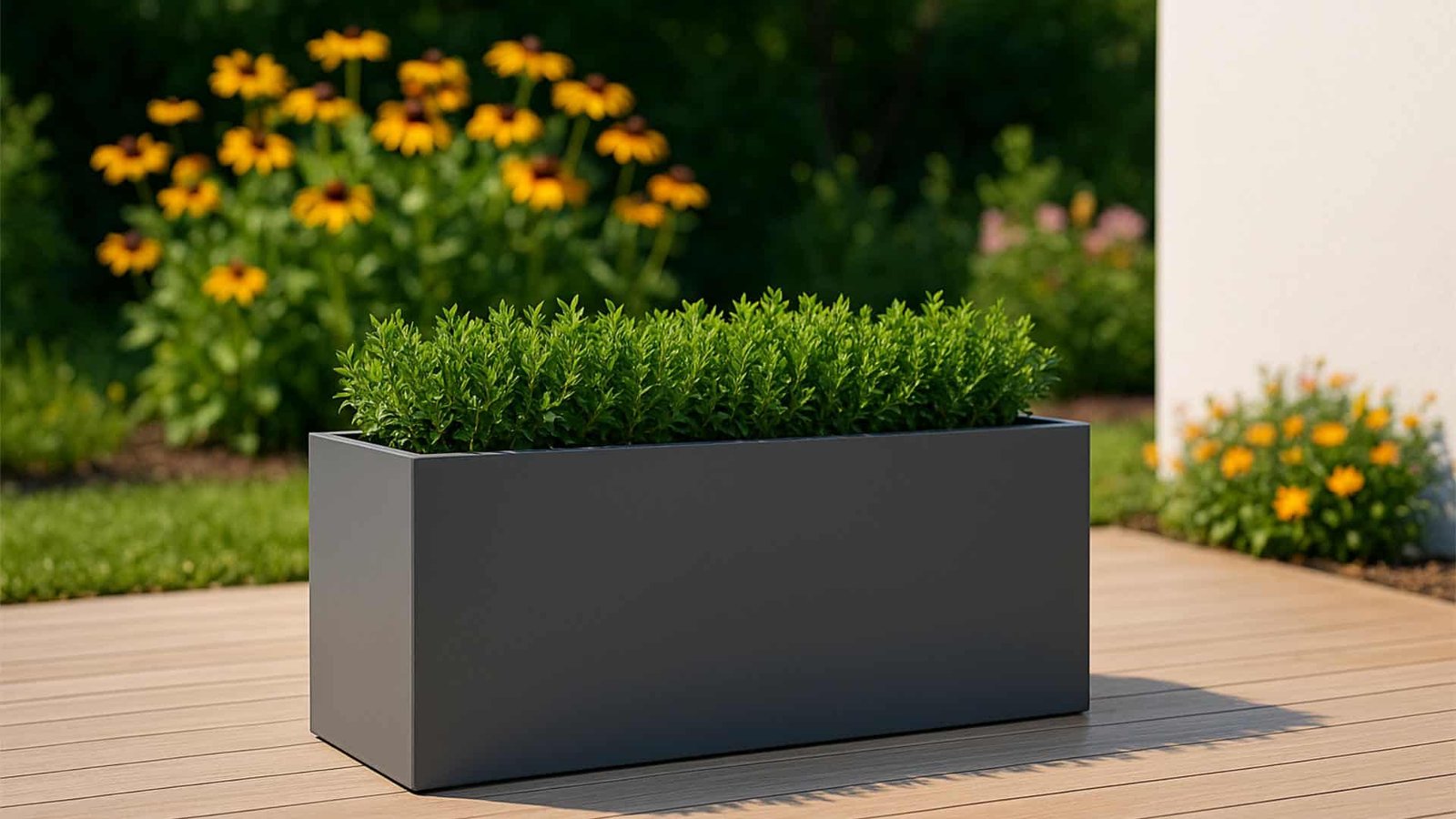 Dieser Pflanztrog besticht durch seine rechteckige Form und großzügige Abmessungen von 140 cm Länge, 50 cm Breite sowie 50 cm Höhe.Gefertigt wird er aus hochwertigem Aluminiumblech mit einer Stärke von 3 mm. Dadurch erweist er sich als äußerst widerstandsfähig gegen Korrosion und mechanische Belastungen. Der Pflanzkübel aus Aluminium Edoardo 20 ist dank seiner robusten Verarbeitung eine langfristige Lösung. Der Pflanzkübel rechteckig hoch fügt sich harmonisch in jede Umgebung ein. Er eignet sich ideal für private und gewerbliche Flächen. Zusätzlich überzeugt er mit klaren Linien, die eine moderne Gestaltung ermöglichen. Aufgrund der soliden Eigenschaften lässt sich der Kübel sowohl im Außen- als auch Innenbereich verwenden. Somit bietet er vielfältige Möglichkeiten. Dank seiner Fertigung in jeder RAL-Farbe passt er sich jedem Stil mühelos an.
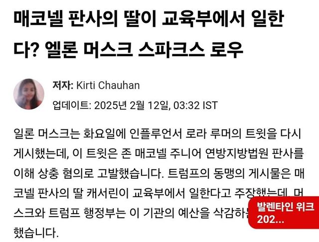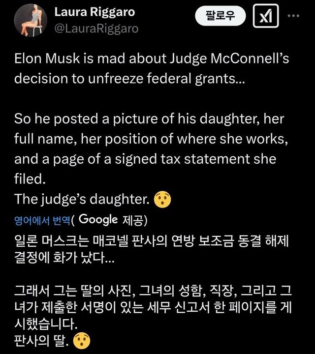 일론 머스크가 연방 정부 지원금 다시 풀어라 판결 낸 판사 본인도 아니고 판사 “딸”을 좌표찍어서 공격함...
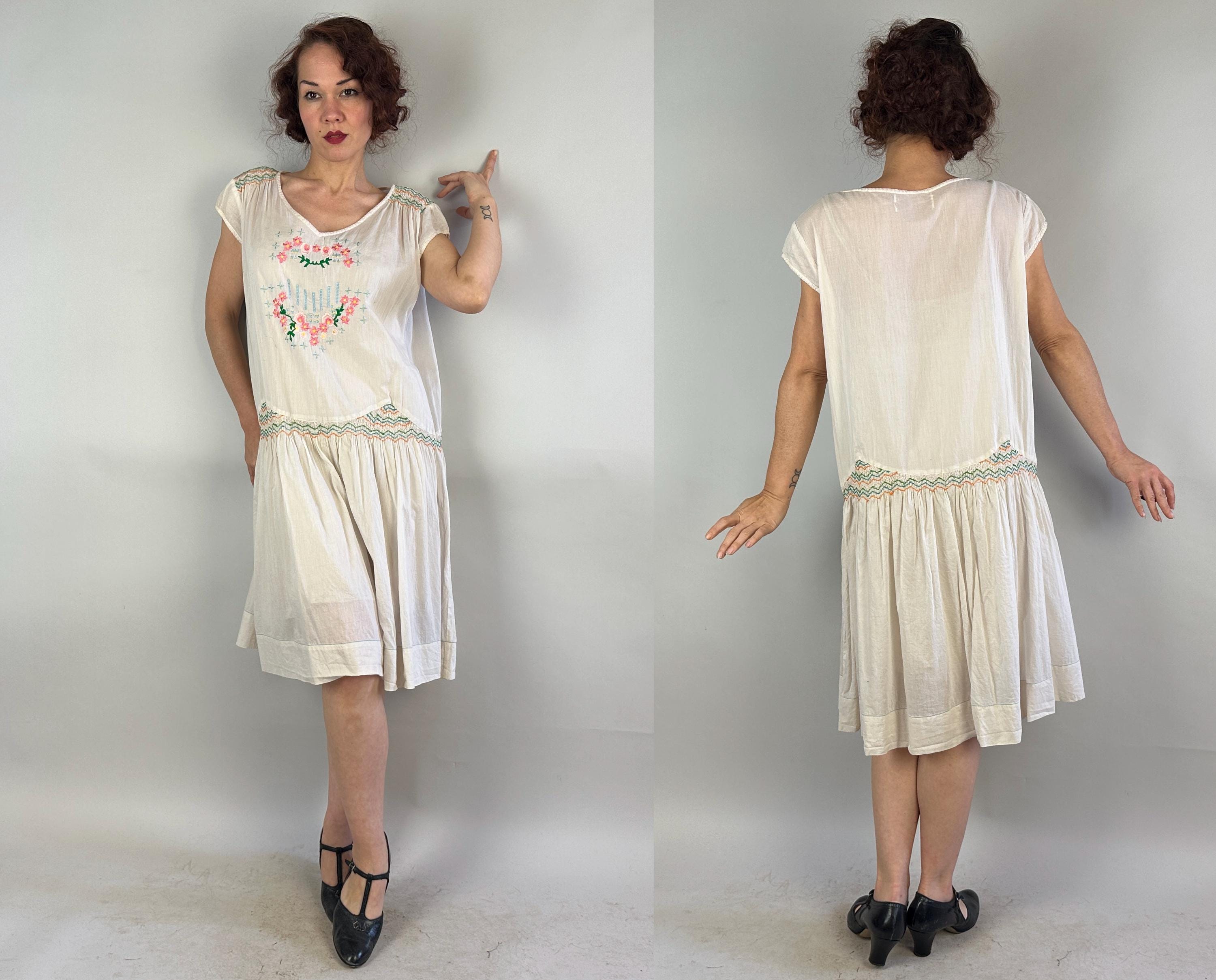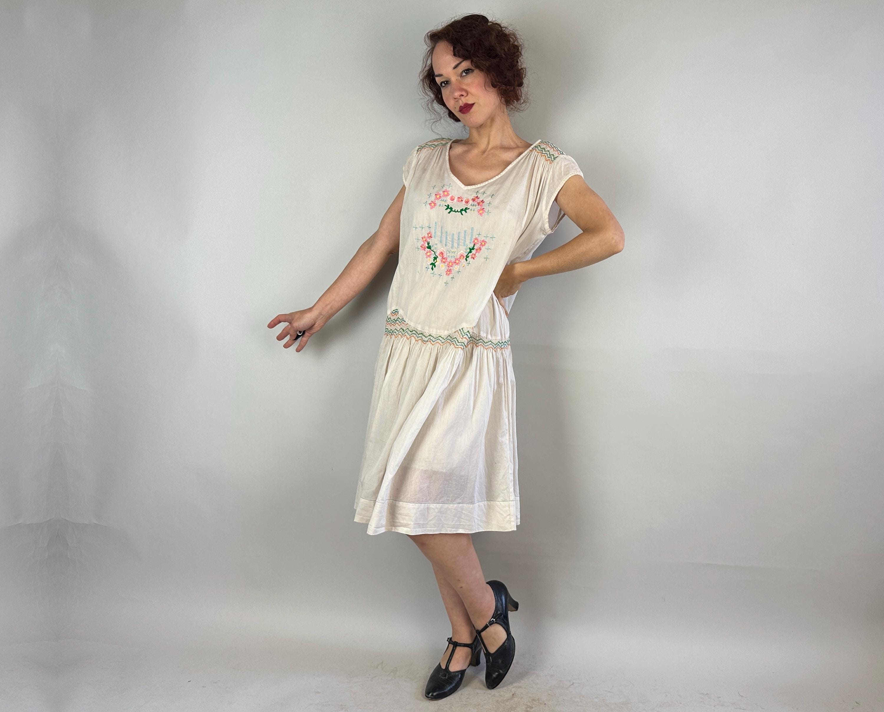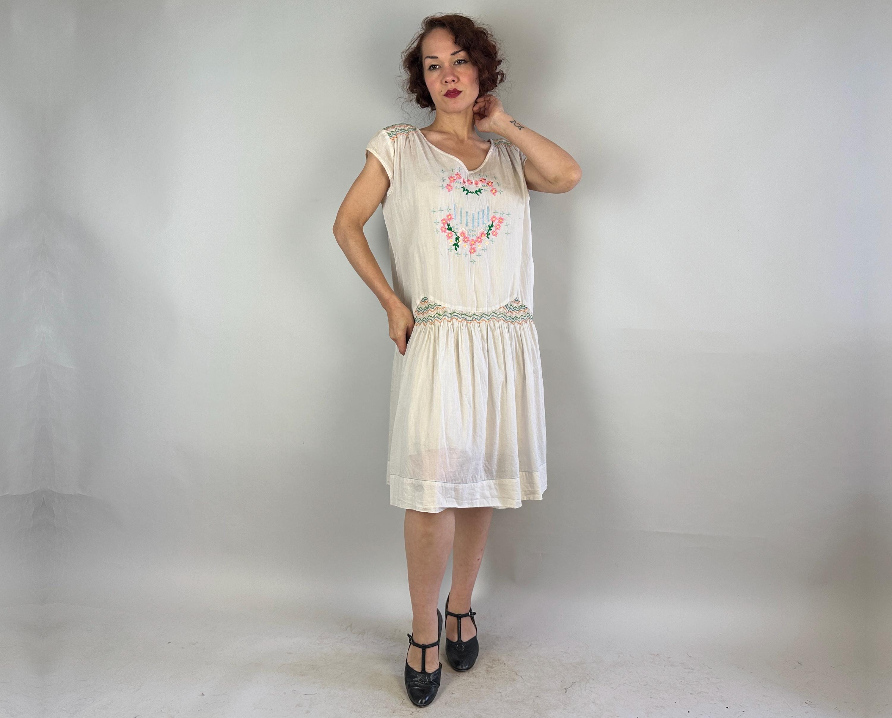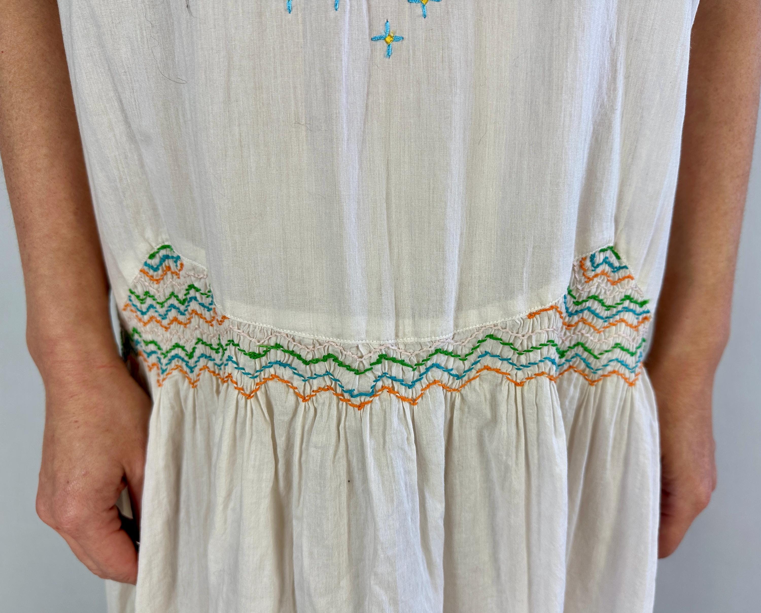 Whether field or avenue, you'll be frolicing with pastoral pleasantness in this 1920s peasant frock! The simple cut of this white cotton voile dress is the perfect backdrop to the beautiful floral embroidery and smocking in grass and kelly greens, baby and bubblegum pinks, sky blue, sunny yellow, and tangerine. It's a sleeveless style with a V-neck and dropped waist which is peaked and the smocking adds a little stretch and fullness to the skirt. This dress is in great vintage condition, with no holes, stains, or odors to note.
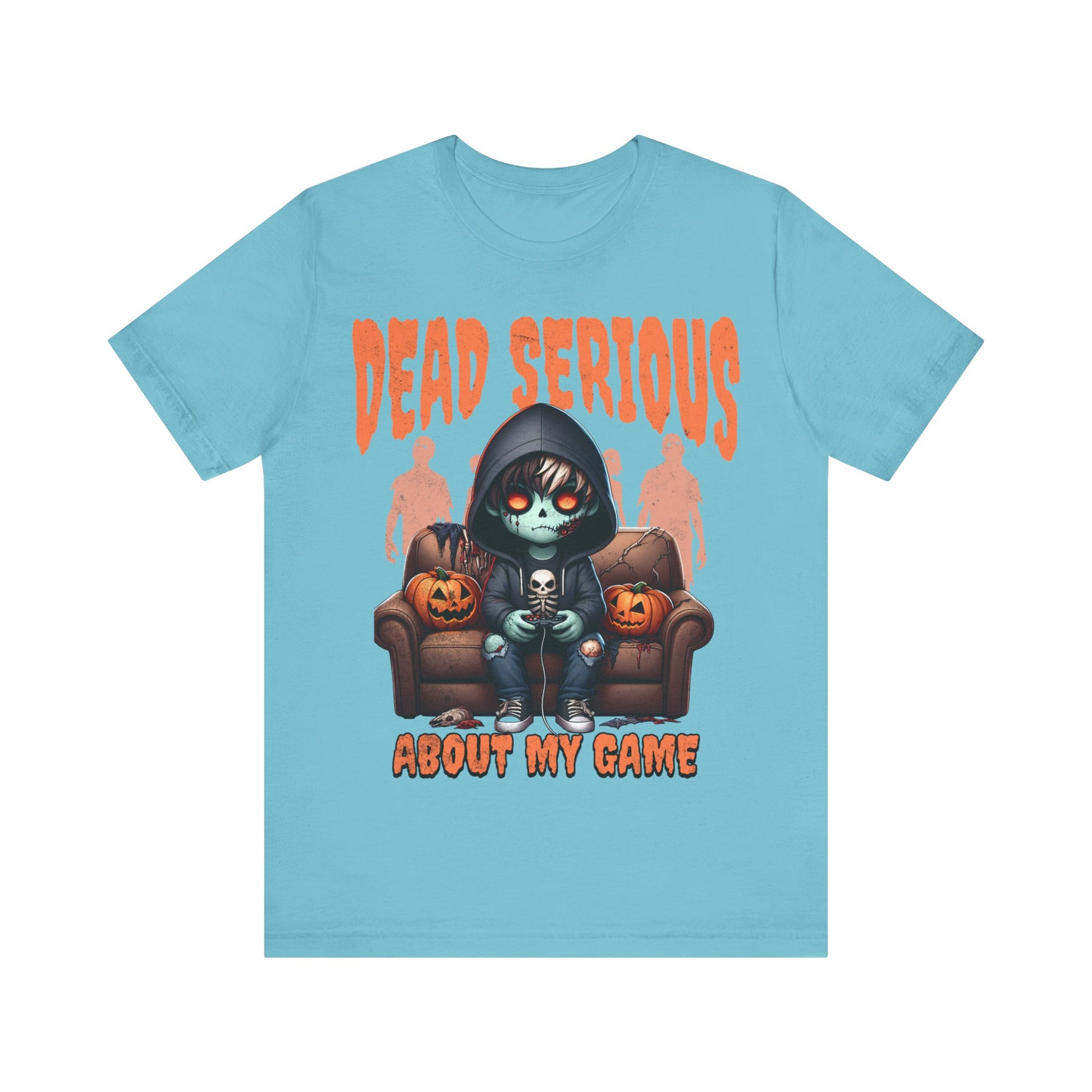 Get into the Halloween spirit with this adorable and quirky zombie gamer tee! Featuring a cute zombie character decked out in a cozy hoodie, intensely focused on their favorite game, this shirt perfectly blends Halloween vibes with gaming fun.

◆ PROBLEM TO SOLVE: Leave out every picture and copy verbatim the lines running from the line containing "Whether field or" through the final line of the data.

◆ SOLUTION BELOW:
 Whether field or avenue, you'll be frolicing with pastoral pleasantness in this 1920s peasant frock! The simple cut of this white cotton voile dress is the perfect backdrop to the beautiful floral embroidery and smocking in grass and kelly greens, baby and bubblegum pinks, sky blue, sunny yellow, and tangerine. It's a sleeveless style with a V-neck and dropped waist which is peaked and the smocking adds a little stretch and fullness to the skirt. This dress is in great vintage condition, with no holes, stains, or odors to note.
 Get into the Halloween spirit with this adorable and quirky zombie gamer tee! Featuring a cute zombie character decked out in a cozy hoodie, intensely focused on their favorite game, this shirt perfectly blends Halloween vibes with gaming fun.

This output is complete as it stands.